Washington was so close to finally having an ownership group who understood that building patiently is the best path to sustainable title contention and generating teams that actually matter to people both locally and nationally. And the front office, again, was executing that plan fairly well! My fear on Monday, which remains a fear on Friday, was that this rebuild was a once-in-a-lifetime plan that ownership will never commit to again, and they may have just blown it.

I want to be excited and join the fans who felt great this week, but I can’t help but notice: the Utah Jazz have spent the past three years rebuilding in their own right, and they appear to have better ownership, a better front office, a much better head coach, possibly a better prospect from this year’s draft, and definitely a better team as they enter next season. Also, importantly, the Jazz didn’t punctuate years of patient rebuilding by paying nearly a quarter of a billion dollars to a player who was traded for literally nothing less than six months ago.

The Sunny Side

Now, then: let me take a deep breath.

With all the above concerns noted and on the record for the sake of both posterity and reverse jinx possibilities, I’d like to close by explaining why my Monday afternoon threats were always empty. I realized by Wednesday that I will simply never quit the Wizards. Mainly, it’s the people.

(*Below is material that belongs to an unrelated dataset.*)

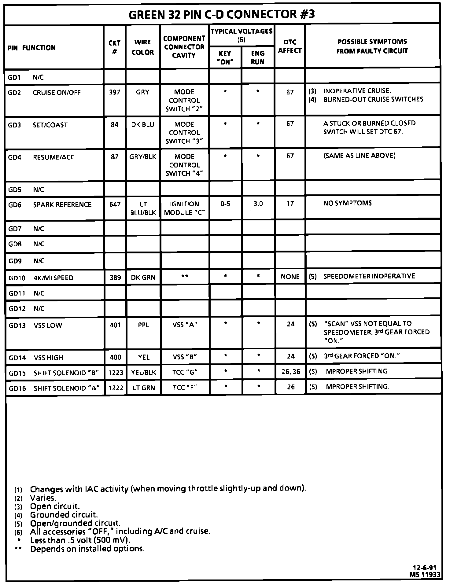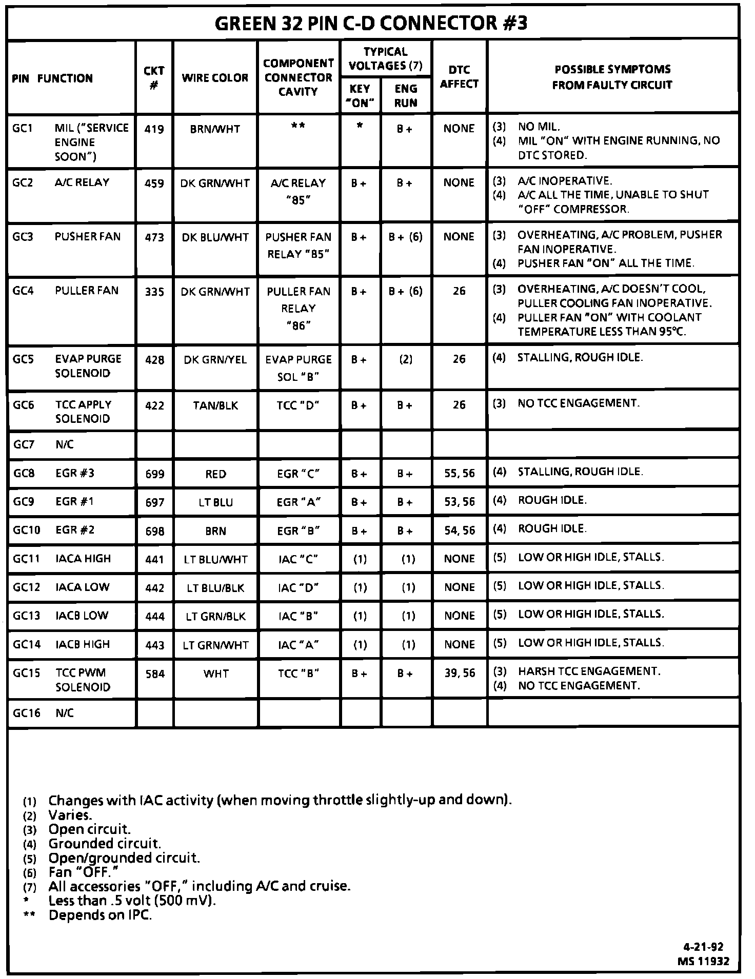 PCM Connector Symptom Diagnosis Chart:

As annoying as this week was for someone who harbored a naive hope that perhaps this time would be different and the Wizards were doing everything the right way, it was genuinely great to have my favorite team back in the national news and have an excuse to talk Wizards with dozens of old friends for the past 96 hours. I can’t imagine one day saying to any of them, “Actually, just FYI, I’m out for life at this point and don’t have any emotional investment in what that team does anymore.”

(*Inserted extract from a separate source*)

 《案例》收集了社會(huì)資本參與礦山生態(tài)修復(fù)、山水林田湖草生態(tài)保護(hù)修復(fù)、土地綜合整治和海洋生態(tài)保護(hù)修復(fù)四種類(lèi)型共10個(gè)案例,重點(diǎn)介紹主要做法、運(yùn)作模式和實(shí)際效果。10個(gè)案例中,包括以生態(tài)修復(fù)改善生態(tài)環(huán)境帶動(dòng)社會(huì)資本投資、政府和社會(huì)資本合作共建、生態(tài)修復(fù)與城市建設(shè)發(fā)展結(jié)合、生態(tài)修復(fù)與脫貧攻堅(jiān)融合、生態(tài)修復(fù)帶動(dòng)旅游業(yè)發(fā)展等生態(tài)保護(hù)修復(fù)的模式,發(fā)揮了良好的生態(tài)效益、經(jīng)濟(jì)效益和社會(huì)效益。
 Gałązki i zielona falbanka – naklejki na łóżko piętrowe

At any given time, most diehard sports fans are both sides of the bus meme at the top of this article. We obsess over marginal decisions, worry about things we can’t control, and particularly in D.C., it’s easy to get fatalistic and cynical. Clearly that’s where I’ve been for most of the week. But let me look at the sunny side in at least two respects.

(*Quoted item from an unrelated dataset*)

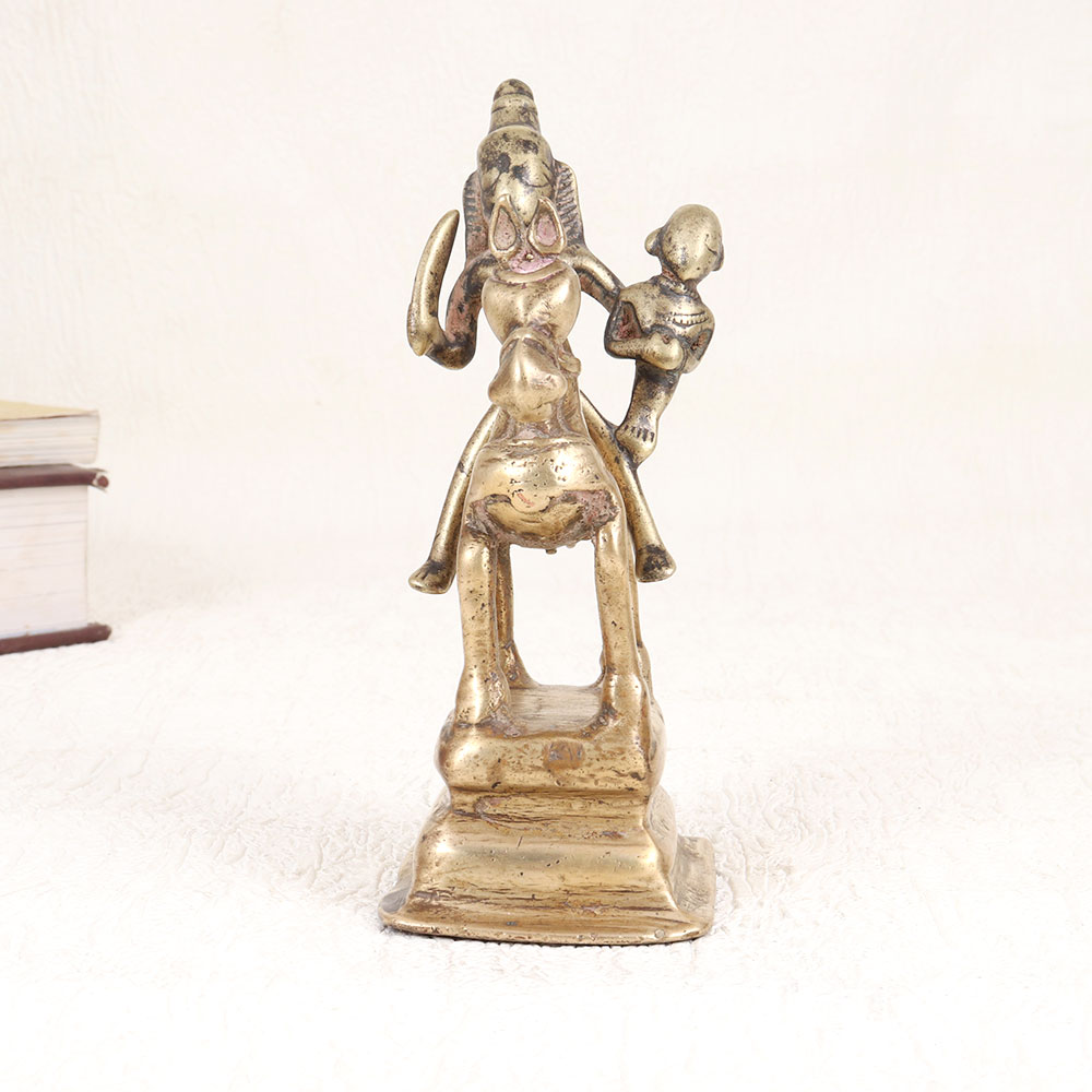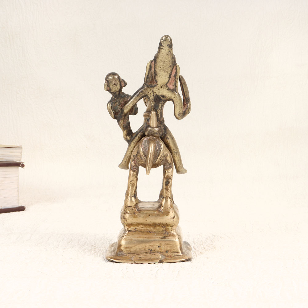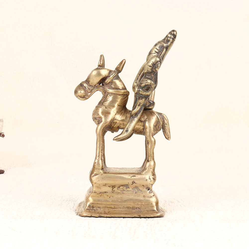 Buy a Vintage Brass Horse Statue with Rider online and get a hassle free delivery right at your doorstep. Crafted by highly skilled and experienced Indian artisans, this masterpiece is more than a decorative item; it is a symbol of tradition and spirituality. The statue, featuring a meticulous handmade design, is cast from high-quality brass, showcasing the artisans' dedication to precision and craftsmanship. With its antique brown finish, this unique statue not only exudes timeless charm but also serves as a spiritual companion during prayer. Its vintage allure makes it a versatile addition to various settings, including homes, offices, restaurants, hotels, and cafes. Elevate the aesthetic of any space with this captivating piece, as it effortlessly blends history and artistry. Ideal for collectors with an appreciation for vintage artefacts, this brass horse statue is a noteworthy addition to any curated collection. Furthermore, it makes for a thoughtful and culturally rich gift for your family, friends or relatives during special, festive, or auspicious occasions, adding a touch of tradition and elegance to their lives. Embrace the heritage and craftsmanship of West India with this remarkable brass horse statue, a timeless testament to the region's artistic legacy.

First, crushing the Trae deal is easy and deserved, but it probably undersells how much better the team will look with a capable 28 year-old point guard who can attract multiple defenders and create great looks for everyone else on the floor. He’s not perfect, he would not have been my choice, and the contract is genuinely atrocious to an almost inexplicable degree (player option in year four!), but the Wizards can afford it. Trae will be an upgrade over every point guard they’ve had for the past 10 years. Dybantsa, meanwhile, is 19 years old with incredible size and skills. Who knows what his future will look like four or five years from now, and he’s joining a team with Young, Alex Sarr, Anthony Davis, Tre Johnson, Kyshawn George, Will Riley, and Justin Champagnie—half those players have never won 25 games in an NBA season and most of you have probably never seen them play, but I swear, there’s suddenly a lot to work with in D.C.

Second, and more importantly, the mistakes are really not that serious. They’re often hilarious. And what matters more is a community of friends that spent all week talking themselves into A.J., commiserating over Trae, and counting the days until the summer league opener against Darryn Peterson and the Jazz on July 9th. Whatever happens from here, they will be there watching and overreacting, and so will I. Opening night in October is going to be genuinely thrilling for the first time in more than a decade.

Rather than permanently renouncing the Wiz, I found myself reaffirming my fandom as the week went on and planning to hit games with friends who are visiting in the fall. Bandwagoning as a Wolves fan has been fun the past few years, but it’s time to do it in Washington again. Here, I’m reminded that throughout John Wall’s prime I was publicly agitating to fire Ernie Grunfeld and Randy Wittman, I was mostly right, the team underachieved in predictable ways, and that era gave me some of the best in-person sports memories of my lifetime.

This team, on paper, has way more talent than those Wall teams ever did. I’m definitely not getting off the bus now.